Aortic Valve Reconstruction with Three Same-Sized Autologous Pericardial Leaflets Guided by 3D Hologram Obtained from a Novel Workstation Visalius3D


  • #AC/VAL 03-EP-4
  • Adult Cardiac Surgery/Valves. E-POSTER (ORAL) SESSION 3
  • E-Poster (oral)

Aortic Valve Reconstruction with Three Same-Sized Autologous Pericardial Leaflets Guided by 3D Hologram Obtained from a Novel Workstation Visalius3D

Takeo Tedoriya, Kenichi Kamiy, Tadamasa Miyauchi, Masaomi Fukuzumi, Yuko Gatate

Ageo Central General Hospital, Cardiovascular Center, Ageo, Japan

Date, time and location: 2018.05.25 15:30, Exhibition area, 1st Floor. Zone – D

Abstract

OBJECTIVE

Aortic valve reconstruction with three same-sized autologous pericardial leaflets has been performed for patients with narrow aortic roots or contraindication for valve-prostheses. Since this procedure requires precise information of the aortic root including configuration of Valsalva sinus, we assessed physiologic-anatomical condition of the aortic root by 3D hologram in order to accomplish this technique with a reproducible fashion.

METHODS

3D Hologram Imaging; Enrolled patients underwent enhanced ECG-triggered cardiac CT. Axial images with slice thickness of 0.625mm were obtained during mid-to-end diastole. Subtracted volume rendering data of the aortic root were converted to stereolithography (STL) file in Visalius3D. Preoperatively the aortic root was assessed in order to decide neo-commissure and offsetting of deviated nadir in cases of unbalanced aortic root.
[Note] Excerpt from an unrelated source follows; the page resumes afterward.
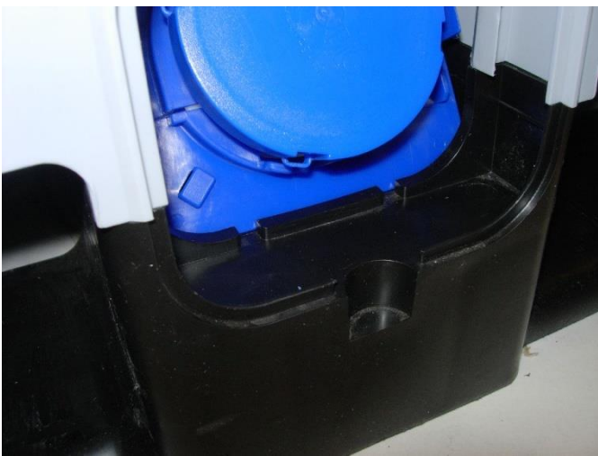
IMPORTANT, first place the underside of the clip in the channel, (outside view).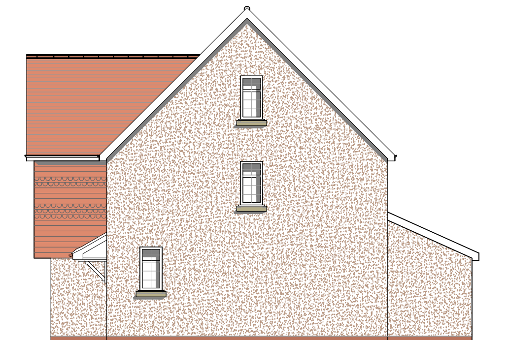
3 The Oakwood Side Elevation C 1:100

Basic surgical technique was; 1) transverse ascending aortotomy, 2) same-sized three pieces of leaflets from autologous pericardium treated by 0.6 % glutaraldehyde for 6 minutes were tailored to original templates referred by STJ diameter, 3) the new commissures and nadirs were confirmed based on 3D hologram image, 4) in case the non-coronary nadir deviated toward the left ventricle, a crescent form Valsalva plication were required, 5) three leaflets were sutured on the cusp-suture-line by 4-0 continuous fashion in a ratio of 3:2 from the nadir to commissure height, 1:1 in commissure height, 6) commissure coaptation stitches were placed between each leaflet to prevent from minor leakage and coronary orifices obstruction, finally 7) STJ is fixed by a pericardial stripe as prevention of STJ dilatation.

RESULTS

Valsalva plication and commissure adjustment navigated by 3D hologram was accomplished as a preoperative plan. Postoperative mean pressure-gradient was 8.5 mmHg without any development of AR during follow-up.

CONCLUSIONS

Preoperative evaluation by 3D-Hologram had notably provides valuable information for adjustment of neo-commissure and nadir in our aortic valve reconstruction using three same-sized leaflets.